0.8

7.7K 421 34
                                    

Bankta oturmuş gözlerim kapalı bir şekilde sessizliği karşılamaya devam ederken bir hareketlenme hissettim.

Başımı kaldırıp sesin geldiği tarafa baktığımda Harun abim ve Poyraz Yüzbaşının konuştuğunu fark ettim.

Onlardan gözümü çekecekken Poyraz Yüzbaşı beni fark etti ve bir süre yüzüme baktı.

Ayaklandığım sıra Harun abim de beni fark etmişti.

Yanlarından geçecekken ilk önce her ikisine de selam verdim.

"Rahat!" Diyen Harun abimle rahata geçip baş selamı vererek uzaklaşacaktım ki, Harun abim tekrar konuştu.

"Mevsim.. abim, gel seninle abi kardeş konuşalım." Atacağım adım havada kalırken gözlerim doldu.

Abi, kardeş..

Bana uzak iki kelimeydi ve bu kelimeler bir arada kullanıldığı zaman içim cız ediyordu.

Abim ayda bir arardı, ilk zamanlar ben hep arasam da beni geçiştirdiği için çok uzun zamandır o aramasa asla aramıyordum.

Evlenmişti iki çocuğu vardı ve beni çok seviyorlardı.

Karısıyla bir derdim yoktu ama benden haz etmediğinin gayet farkındaydım.

Gözlerimin dolduğunu hissettiğimde sıkıca kapatıp açtım ve yüzüme bir gülümseme yerleştirdim.

Arkamı dönüp Harun abiye baktım.

Poyraz komutan az önce uzaklaştığı için rahattım.

Harun abim bana dikkatle bakıyor, tepkilerimi ölçüyordu.

Hüzünlü bakıyordu, gülümsememi yüzümde sabitleyip yanına gittim.

"Konuşalım abi." Dedim banklardan birine oturarak.

Derin bir nefes alarak yanıma geldi ve bankın diğer köşesine oturdu.

Gözlerimi yere diktim, kalbim çok hızlı atmaya başlamıştı, ağlayacağımı bildiğim için derin derin nefesler alıyordum.

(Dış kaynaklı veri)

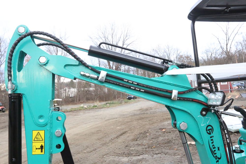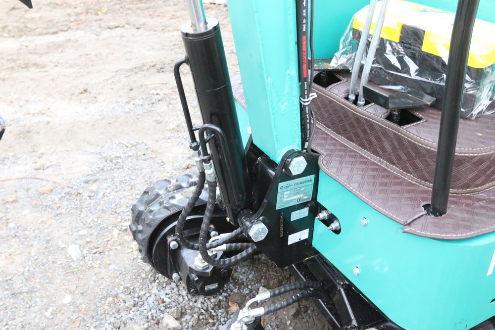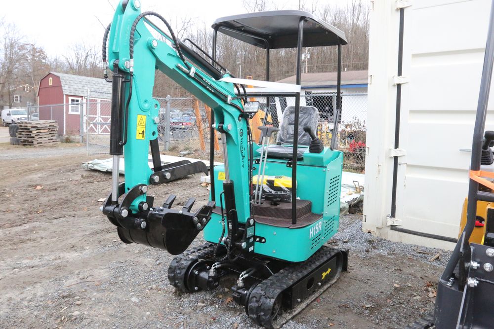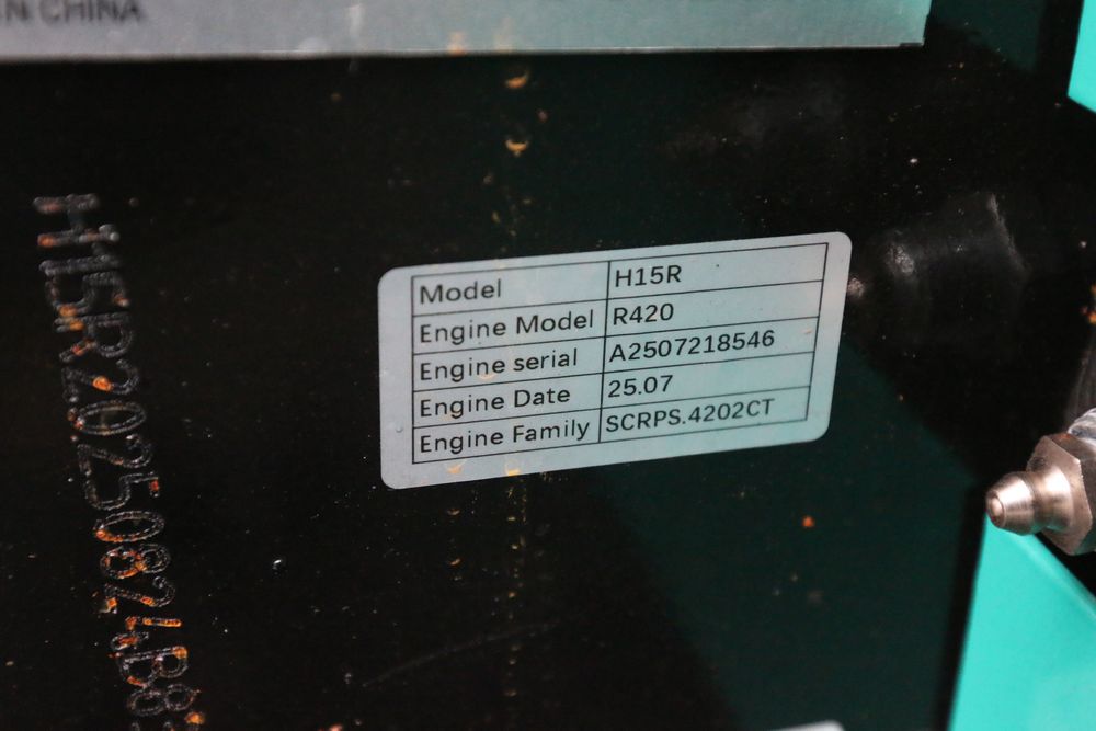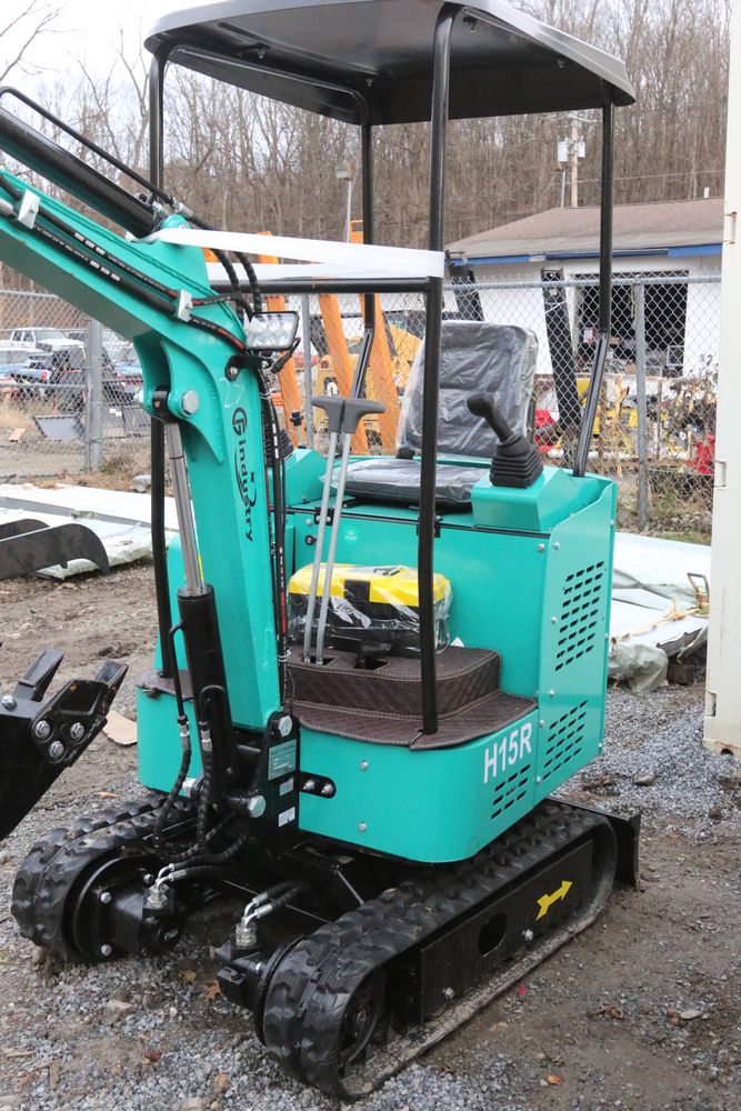 New 2025 CFG Industrial gas powered mini Excavator model H15R with 420cc gasoline engine, bucket, 4' long tracks, 38.5" wide base, 6" wide tracks, canopy, hydraulic boom & bucket controls, pilot system, thumb, dozer blade. Hours reading less than 1 hour.

"İyi misin Mevsim?" Gözlerimin dolduğunu anladığımda boğazımı temizleyip sırtımı dikleştirdim.

"Gayet iyiyim abi, sen nasılsın?" Gülümseyerek kurduğum cümleyle, bakışları yüzümde gezindi ve başını olumsuz anlamda salladı.

"Herkesi mutlu olduğuna inandırabilirsin Mevsim, beni değil, çocukluğundan beri tanıyorum seni, beni bir gülümsemeyle kandırabileceğini mi sanıyorsun!?" Dediğine gülmek istedim.

Bakışlarımı yere sabitleyip ellerimi birbirine kenetledim, beni kimse anlasın istemiyordum.

Zaten bilinen şeylerin tekrar konuşulması, benim canımı yakmaktan başka bir işe yaramazdı.

"Kimseye mutlu olduğunu kanıtlamak zorunda değilsin kardeşim, kimseyi mutlu etmek zorunda da değilsin!" Sessizce onu dinlemeye devam ettim.